Повисает тяжелая тишина.
– А бабушка? – спрашивает сын. – Как она теперь?
– Я не запрещаю вам с ней видеться. Ухаживайте, помогайте. Но у неё есть своя квартира, а у меня своя. Наши с ней отношения вас тоже не касаются.
– Ты не должна была! Ты не имела права так поступать с ним… и с нами! Не хочу больше тебя видеть! – Кира вскакивает, уронив стул, и бросается вон из комнаты.
– Кирка! – рявкает Костя. – А ну вернись!
– Не надо, Кость, – останавливаю я его. – Ей сейчас нелегко.
– Нам всем нелегко, – угрюмо говорит сын. – А она ведёт себя как ребёнок.

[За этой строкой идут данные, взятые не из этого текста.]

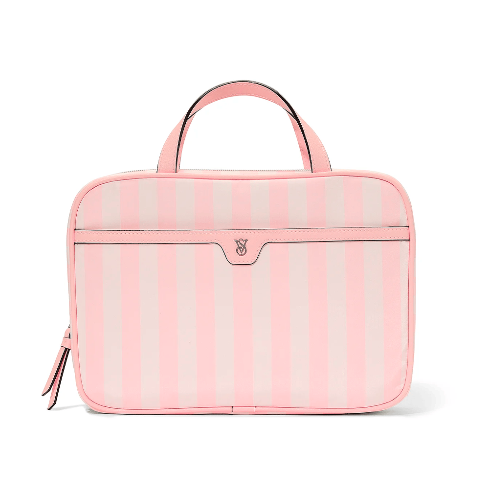 ¡En marcha, listos! Este elegante estuche contiene todo lo que puedas necesitar. Mantén todo organizado en tu bolso de viaje, desde fragancias hasta productos para el cuidado del cabello, con un gancho opcional para colgarlo mientras te preparas.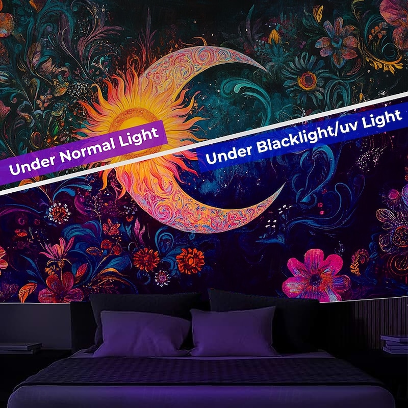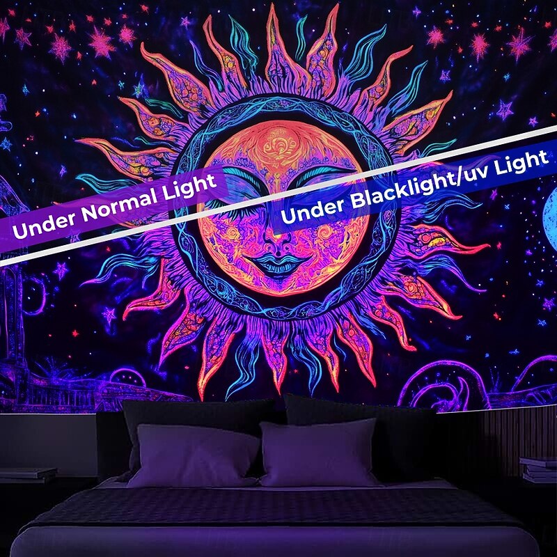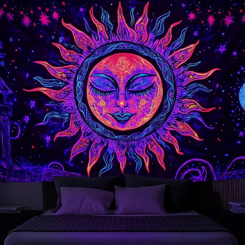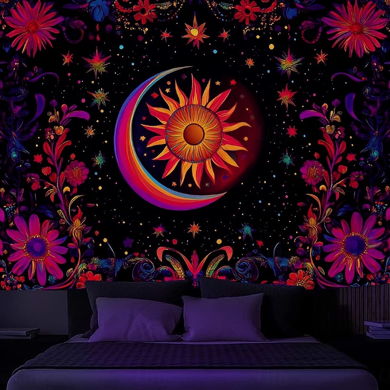 $17.99 - Boho Blacklight Tapestry Glow in the Dark Glow Party UV Reactive Sun and Moon Trippy Misty Mushroom Nature Landscape Hanging Tapestry Wall Art Mural for Living Room Bedroom 2025. Shop for cheap Blacklight Tapestries online? Buy at lightinthebox.com on sale today!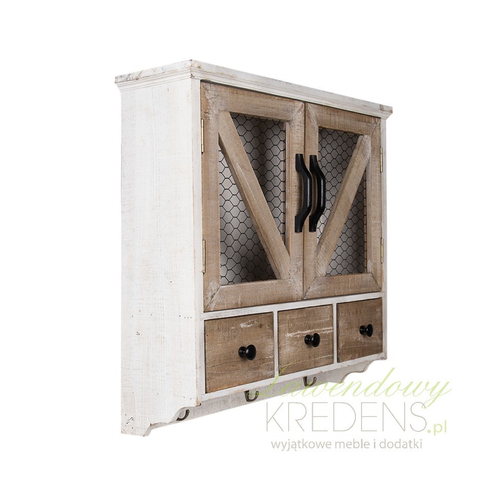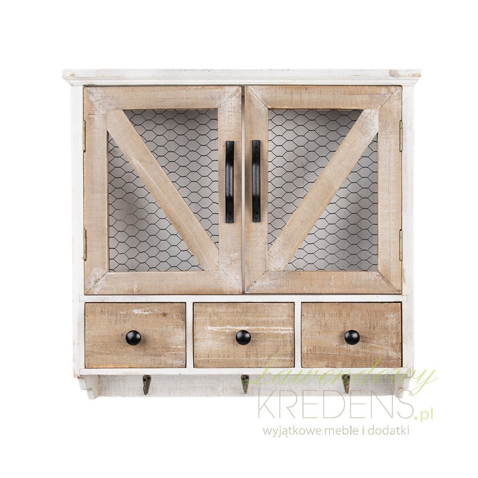 Dzięki prezentowanej szafce, każda strefa w Twoim domu może w końcu zostać odpowiednio uporządkowana. Ta biała szafka ścienna prowansalska z wieszaczkami ma brązowe fronty drzwi i szuflad oraz matowe uchwyty i gałki w kolorze czarnym. Drzwi są podbite grubą siatką. Pod nimi znajdują się trzy niewielkie szuflady. Pod szufladami zamocowano haczyki. Połącz szafki ścienne prowansalskie z innymi meblami z kolekcji Clayre & Eef aby stworzyć zupełnie nową atmosferę w domu.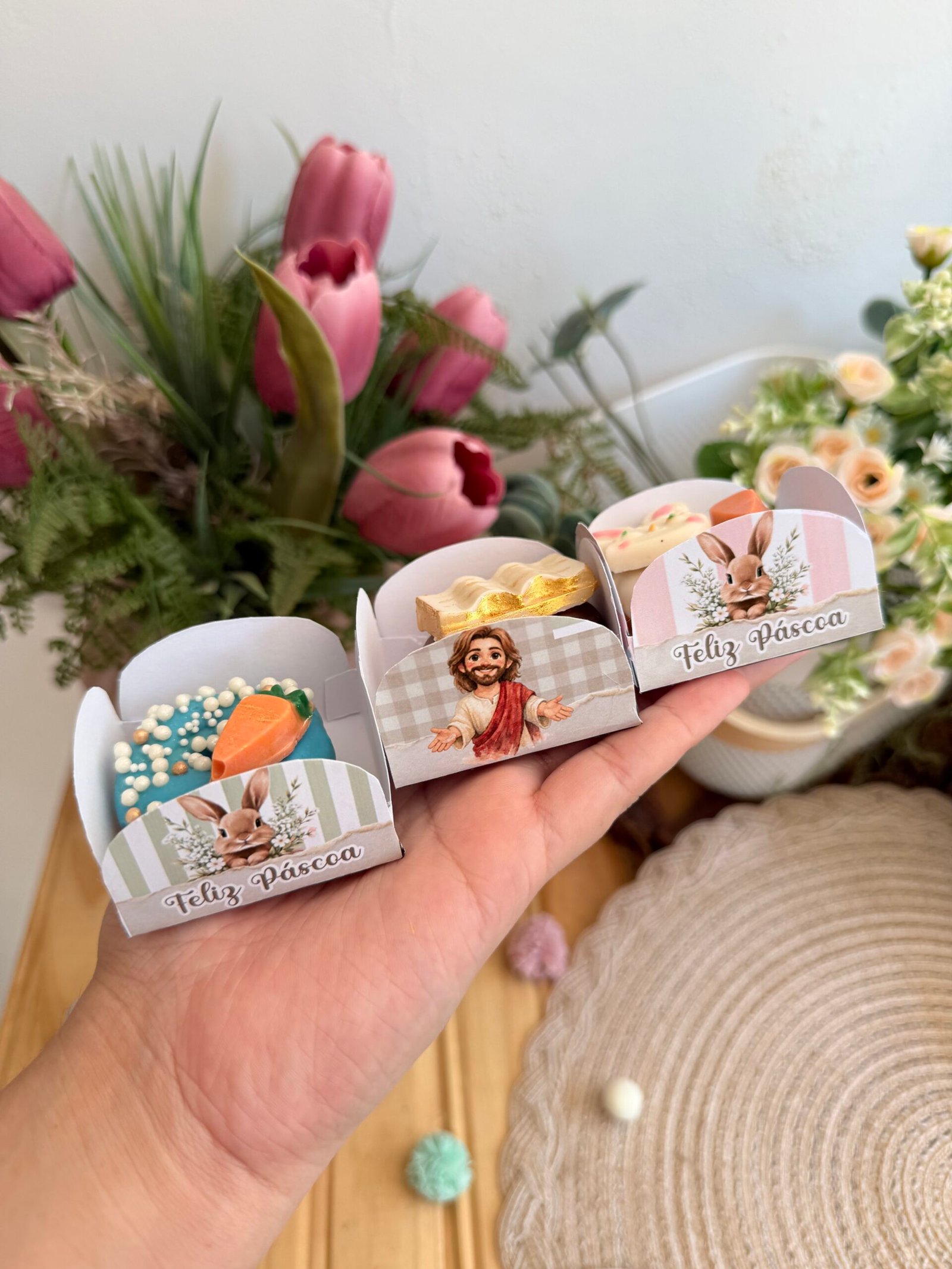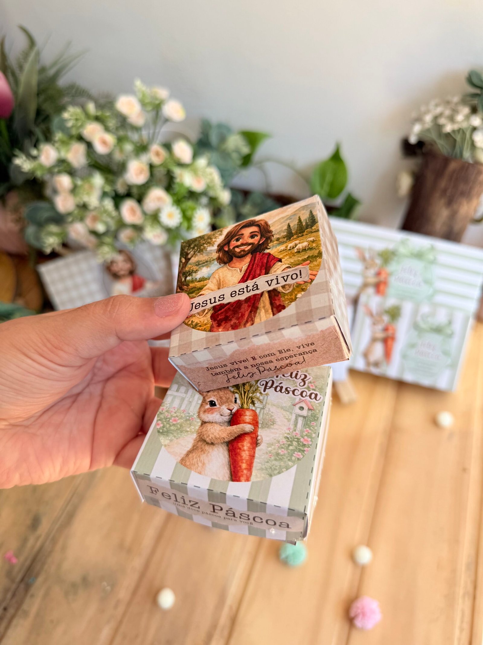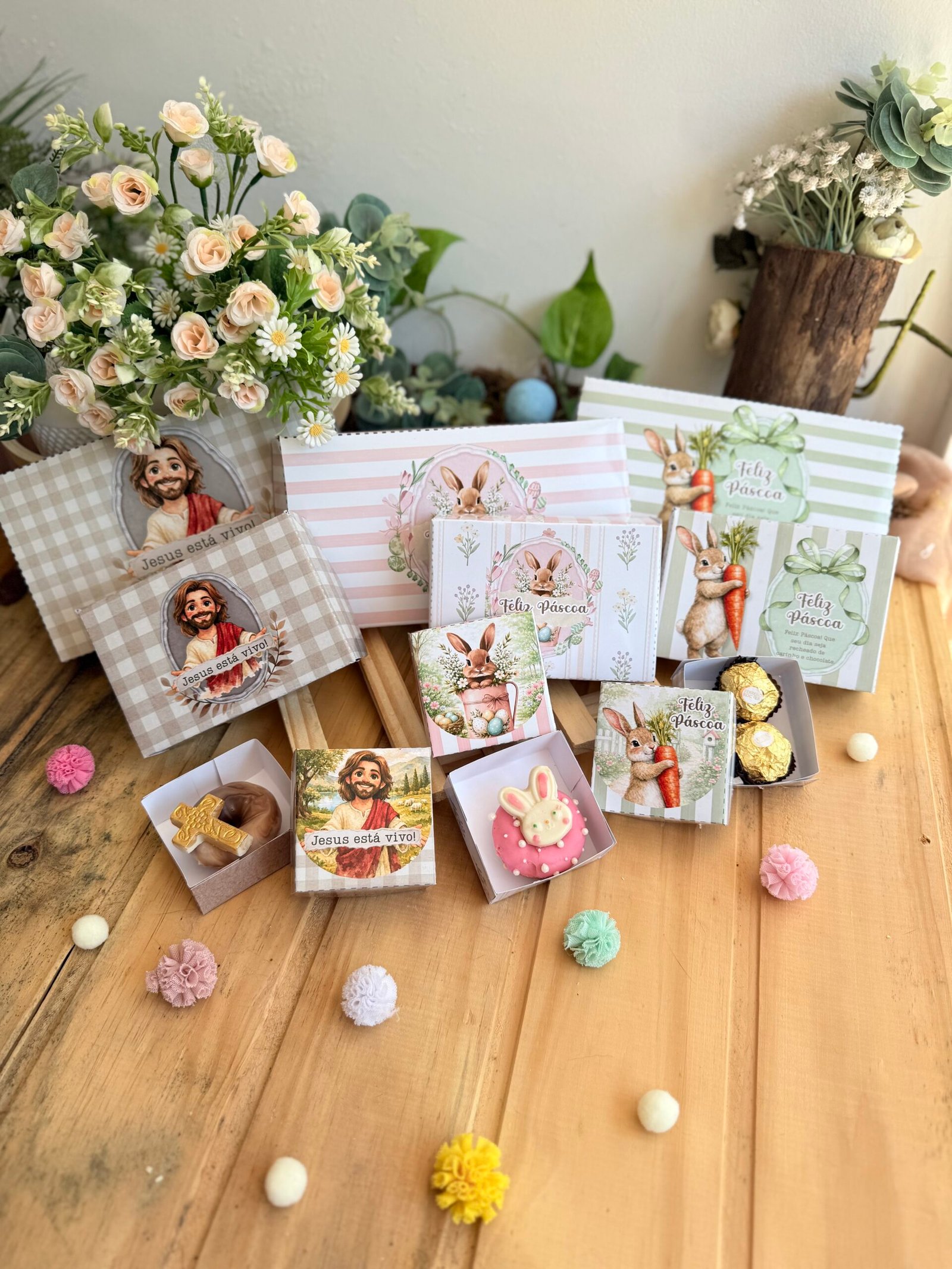 Este Kit Páscoa Baixe e Imprima inclui diversos modelos de caixas, tags, cartões e embalagens delicadas com tema de Páscoa, perfeitas para montar kits de chocolate, lembrancinhas e presentes personalizados.

– Если ты тоже уйдешь, я не обижусь, – отвечаю я. – Я понимаю, вам нужно это принять.
Сын вдруг встает и крепко обнимает меня. Мне сразу становится наполовину легче.
– Мам, прости, что мы накинулись на тебя. Просто надо было заранее сказать, что всё так плохо. Мы же семья.
– Я не могла… – отвечаю я, чувствуя, как голос дрожит. – Это была моя война. Но я не хотела, чтобы пострадали вы.
– Что теперь будешь делать? – спрашивает он.
– Уеду, – твердо говорю я. – Съезжу куда-нибудь на море, может, на месяц. Сниму квартиру. Сейчас не сезон, недорого будет. Мне нужно прийти в себя.
Костя кивает.
– Делай, как считаешь нужным, мам. Я поддержу любое твое решение.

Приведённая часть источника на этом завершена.